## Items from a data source
┄┄┄┄┄┄
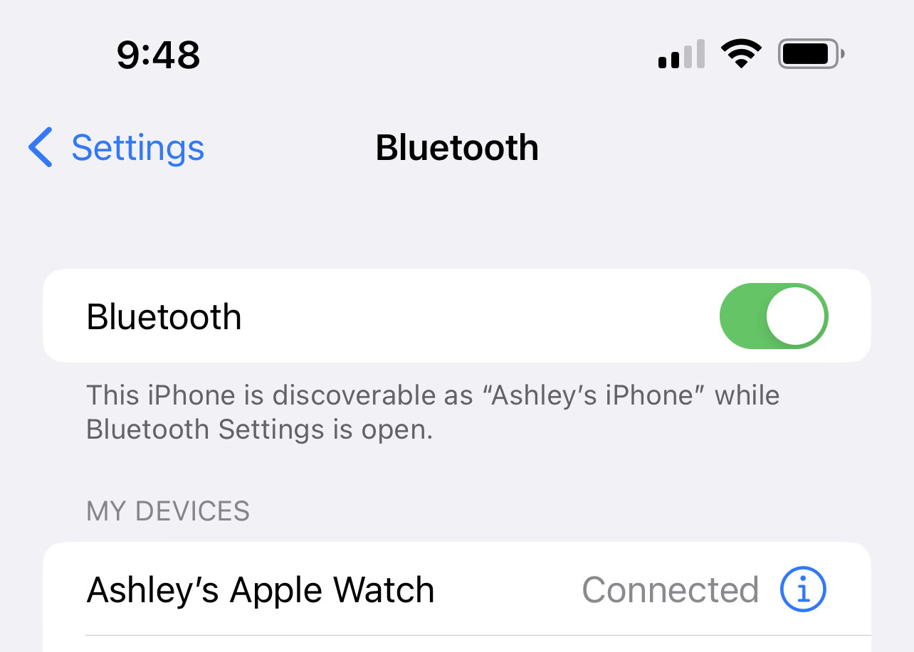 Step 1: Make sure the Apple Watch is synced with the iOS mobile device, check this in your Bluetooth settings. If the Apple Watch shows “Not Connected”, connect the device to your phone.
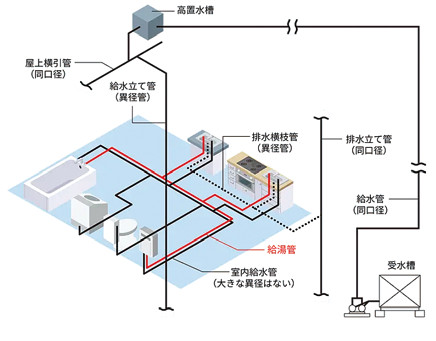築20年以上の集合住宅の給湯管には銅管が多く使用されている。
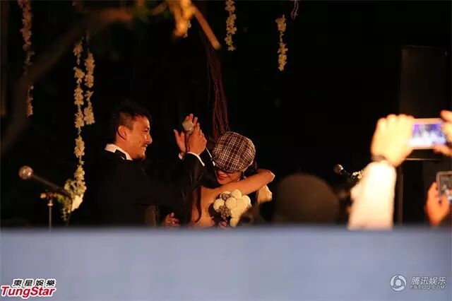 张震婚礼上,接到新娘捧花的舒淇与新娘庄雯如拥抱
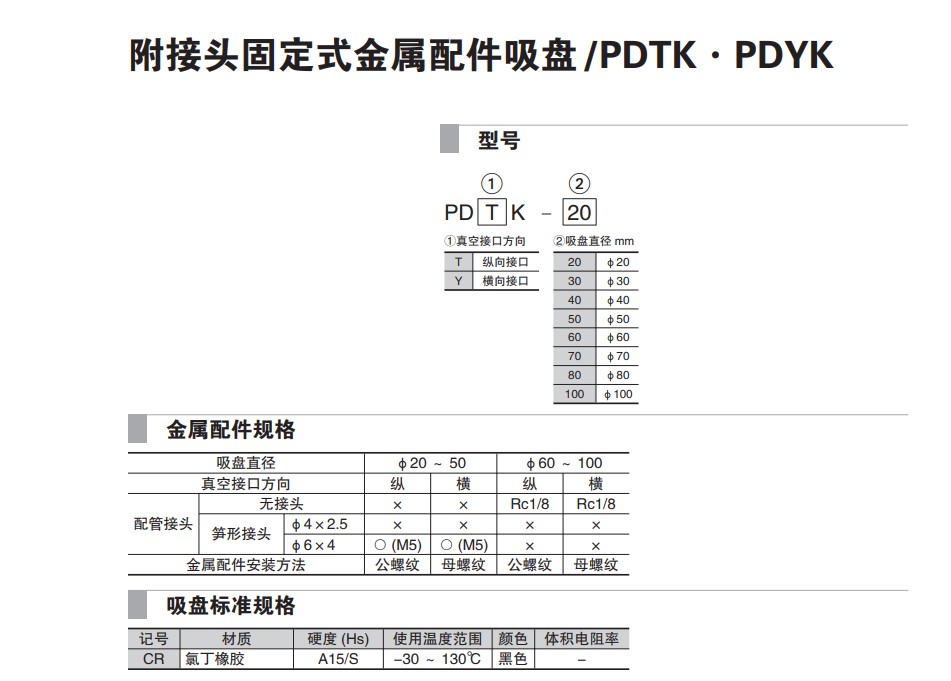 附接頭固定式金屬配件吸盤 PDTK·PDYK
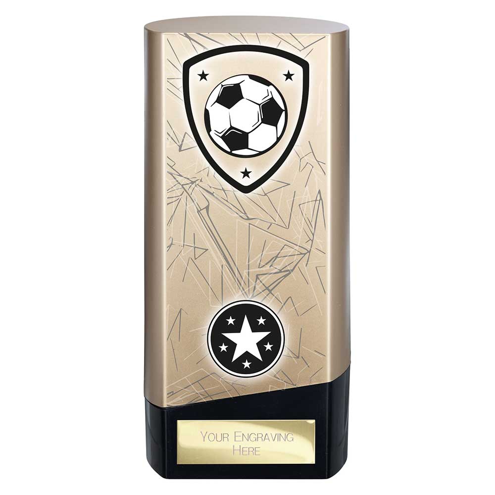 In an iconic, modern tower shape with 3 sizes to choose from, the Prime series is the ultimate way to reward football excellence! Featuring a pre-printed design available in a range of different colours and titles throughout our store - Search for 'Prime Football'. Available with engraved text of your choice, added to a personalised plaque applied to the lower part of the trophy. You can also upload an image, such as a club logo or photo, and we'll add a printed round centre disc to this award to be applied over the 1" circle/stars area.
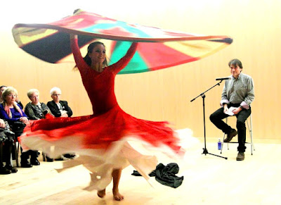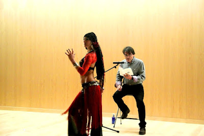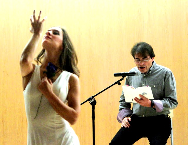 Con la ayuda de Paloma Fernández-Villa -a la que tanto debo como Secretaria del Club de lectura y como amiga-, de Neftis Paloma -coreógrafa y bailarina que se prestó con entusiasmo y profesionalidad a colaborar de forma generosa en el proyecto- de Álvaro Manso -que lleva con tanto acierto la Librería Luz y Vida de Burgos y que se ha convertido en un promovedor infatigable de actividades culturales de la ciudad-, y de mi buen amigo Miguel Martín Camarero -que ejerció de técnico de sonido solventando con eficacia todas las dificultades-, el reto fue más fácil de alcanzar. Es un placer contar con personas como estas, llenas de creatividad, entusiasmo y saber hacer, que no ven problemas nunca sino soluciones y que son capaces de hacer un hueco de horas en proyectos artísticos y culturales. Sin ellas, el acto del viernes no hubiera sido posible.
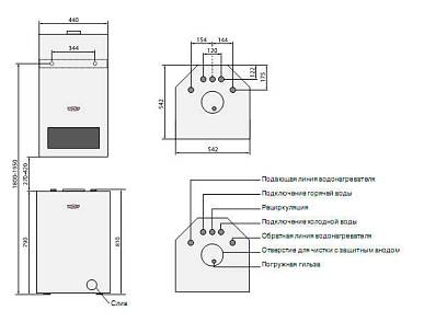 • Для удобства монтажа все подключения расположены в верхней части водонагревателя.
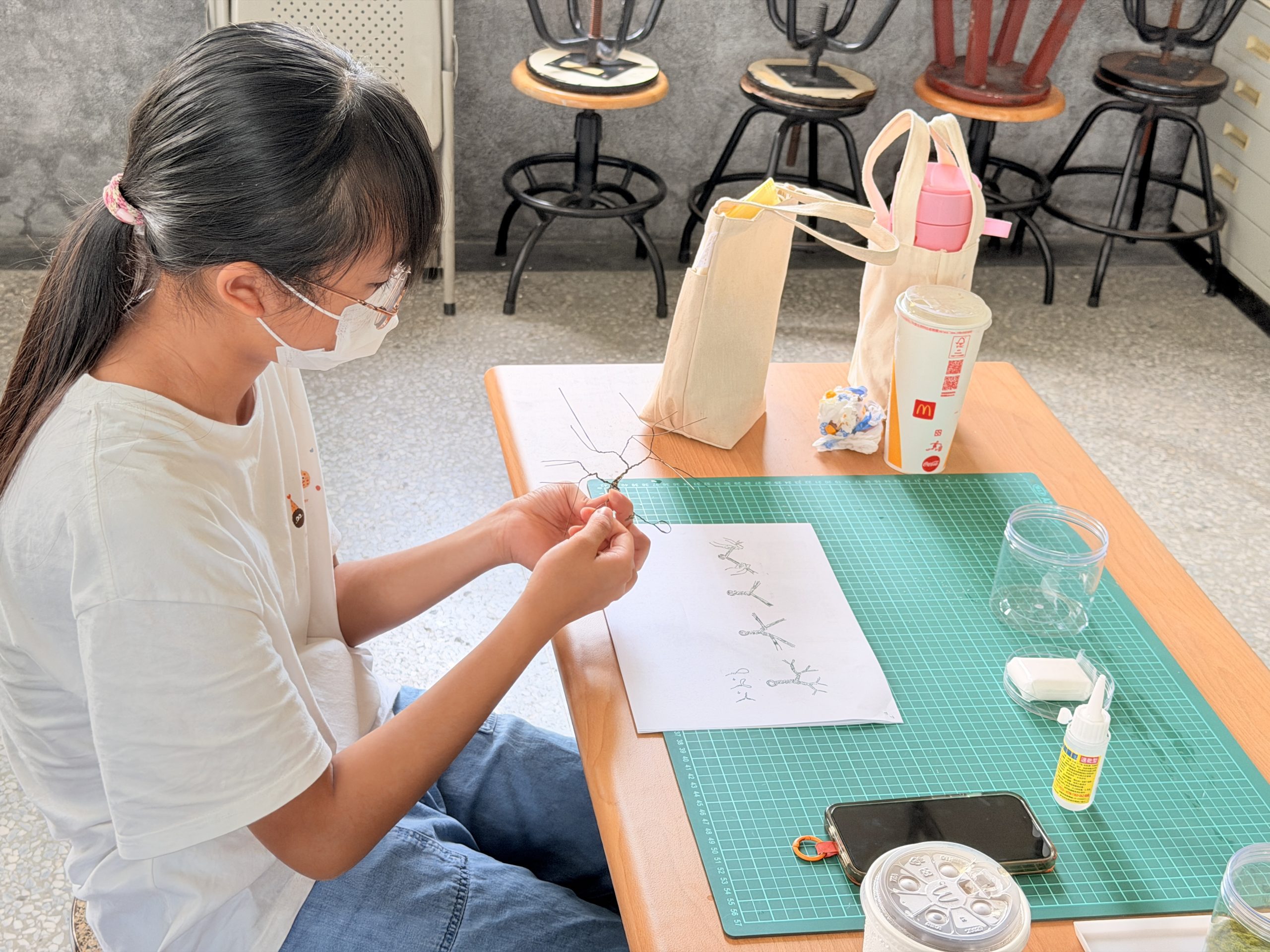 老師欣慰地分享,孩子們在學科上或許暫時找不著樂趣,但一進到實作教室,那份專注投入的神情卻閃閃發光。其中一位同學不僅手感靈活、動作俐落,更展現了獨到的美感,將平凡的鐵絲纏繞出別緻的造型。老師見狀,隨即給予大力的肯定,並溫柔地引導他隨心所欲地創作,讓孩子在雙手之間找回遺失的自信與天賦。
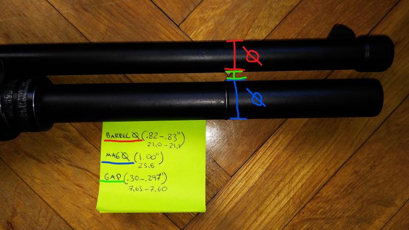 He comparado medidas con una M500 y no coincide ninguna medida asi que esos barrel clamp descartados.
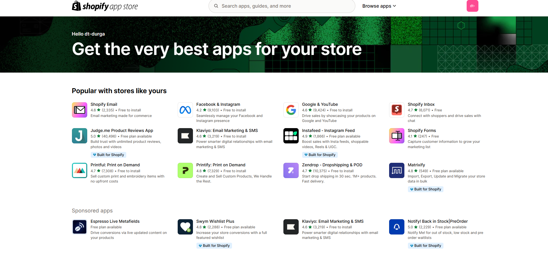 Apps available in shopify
┄┄┄┄┄┄
## EXERCISE OBJECTIVE
Please reproduce the entries from above exactly; images are not part of the copy.

## TASK OUTPUT
 Step 1: Make sure the Apple Watch is synced with the iOS mobile device, check this in your Bluetooth settings. If the Apple Watch shows “Not Connected”, connect the device to your phone.
築20年以上の集合住宅の給湯管には銅管が多く使用されている。
 张震婚礼上,接到新娘捧花的舒淇与新娘庄雯如拥抱
 附接頭固定式金屬配件吸盤 PDTK·PDYK
 In an iconic, modern tower shape with 3 sizes to choose from, the Prime series is the ultimate way to reward football excellence! Featuring a pre-printed design available in a range of different colours and titles throughout our store - Search for 'Prime Football'. Available with engraved text of your choice, added to a personalised plaque applied to the lower part of the trophy. You can also upload an image, such as a club logo or photo, and we'll add a printed round centre disc to this award to be applied over the 1" circle/stars area.
 Con la ayuda de Paloma Fernández-Villa -a la que tanto debo como Secretaria del Club de lectura y como amiga-, de Neftis Paloma -coreógrafa y bailarina que se prestó con entusiasmo y profesionalidad a colaborar de forma generosa en el proyecto- de Álvaro Manso -que lleva con tanto acierto la Librería Luz y Vida de Burgos y que se ha convertido en un promovedor infatigable de actividades culturales de la ciudad-, y de mi buen amigo Miguel Martín Camarero -que ejerció de técnico de sonido solventando con eficacia todas las dificultades-, el reto fue más fácil de alcanzar. Es un placer contar con personas como estas, llenas de creatividad, entusiasmo y saber hacer, que no ven problemas nunca sino soluciones y que son capaces de hacer un hueco de horas en proyectos artísticos y culturales. Sin ellas, el acto del viernes no hubiera sido posible.
 • Для удобства монтажа все подключения расположены в верхней части водонагревателя.
 老師欣慰地分享,孩子們在學科上或許暫時找不著樂趣,但一進到實作教室,那份專注投入的神情卻閃閃發光。其中一位同學不僅手感靈活、動作俐落,更展現了獨到的美感,將平凡的鐵絲纏繞出別緻的造型。老師見狀,隨即給予大力的肯定,並溫柔地引導他隨心所欲地創作,讓孩子在雙手之間找回遺失的自信與天賦。
 He comparado medidas con una M500 y no coincide ninguna medida asi que esos barrel clamp descartados.
 Apps available in shopify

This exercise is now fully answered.